Lebih dari 1.500 orang dari Tunisia, Aljazair, Maroko, dan Libya bergerak menuju Gaza dalam misi kemanusiaan terbesar sejak 17 tahun terakhir. Mereka membawa bantuan, harapan, dan suara solidaritas untuk rakyat Palestina. Tapi ironi itu datang bukan dari Israel, melainkan dari tanah Arab sendiri.
Konvoi “Ash-Shumud Maghribiya”, yang seharusnya menjadi lambang perlawanan terhadap blokade Gaza, kini justru terperangkap di antara tembok politik Libya. Bukan dicegat tentara penjajah, tapi dihadang oleh sesama bangsa Arab.
Disambut di Tripoli, Diblokir di Sirte
Awalnya, semangat rakyat membara. Bus-bus dan mobil pribadi dipenuhi bantuan medis dan makanan. Warga Libya barat menyambut dengan tangan terbuka, pemerintah lokal memberi pasokan logistik dan pengamanan penuh.
Namun begitu konvoi mendekati perbatasan timur, segalanya berubah. Pasukan keamanan menghentikan mereka dengan dalih prosedur keamanan yang belum lengkap. Bantuan tak lagi mengalir. Peserta ditahan. Bahkan sinyal komunikasi diputus.
Kekerasan dan Pelecehan di Titik Henti
Laporan dari lokasi menyebutkan adanya pelecehan terhadap peserta perempuan, pemutusan jaringan internet, dan penggunaan alat pengacak sinyal untuk mengisolasi mereka dari dunia luar. Lampu sorot dinyalakan sepanjang malam agar peserta tak bisa tidur. Empat orang ditangkap hanya karena menyebarkan video dari lokasi.

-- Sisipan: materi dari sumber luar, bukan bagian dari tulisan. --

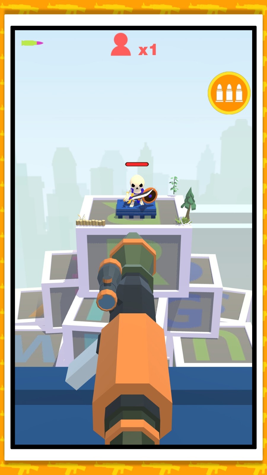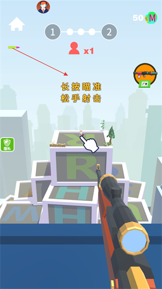 2、进入关卡后,屏幕里会出现目标敌人,按照提示长按进行瞄准,松手即可射击;长按屏幕时,还能通过移动手指来调整准星的位置。

Di titik akhir yang masih dikuasai Pemerintah Persatuan, tim bantuan didirikan untuk merawat peserta yang sakit dan mundur paksa.

Suara Gaza Terkunci di Gerbang Arab
Konvoi ini bukan sekadar rombongan bantuan. Ia adalah simbol. Ia membawa pesan bahwa Gaza tidak sendirian. Tapi simbol itu kini terkunci. Disandera bukan oleh musuh, melainkan oleh birokrasi dan konflik internal yang sudah terlalu lama melumpuhkan solidaritas Arab.
Satu per satu peserta konvoi mulai kehilangan harapan. “Kami tidak akan negosiasi apa pun sebelum saudara kami dibebaskan,” tegas juru bicara dalam siaran langsung terakhir, yang kini menjadi satu-satunya pesan tersisa, karena komunikasi selanjutnya terputus.
Pertanyaan yang Tak Bisa Lagi Dihindari
Jika blokade Israel sudah membunuh Gaza dari luar, maka birokrasi Arab membunuh solidaritas dari dalam. Lalu, untuk siapa kita membangun solidaritas, jika ia selalu terhenti di gerbang sesama saudara?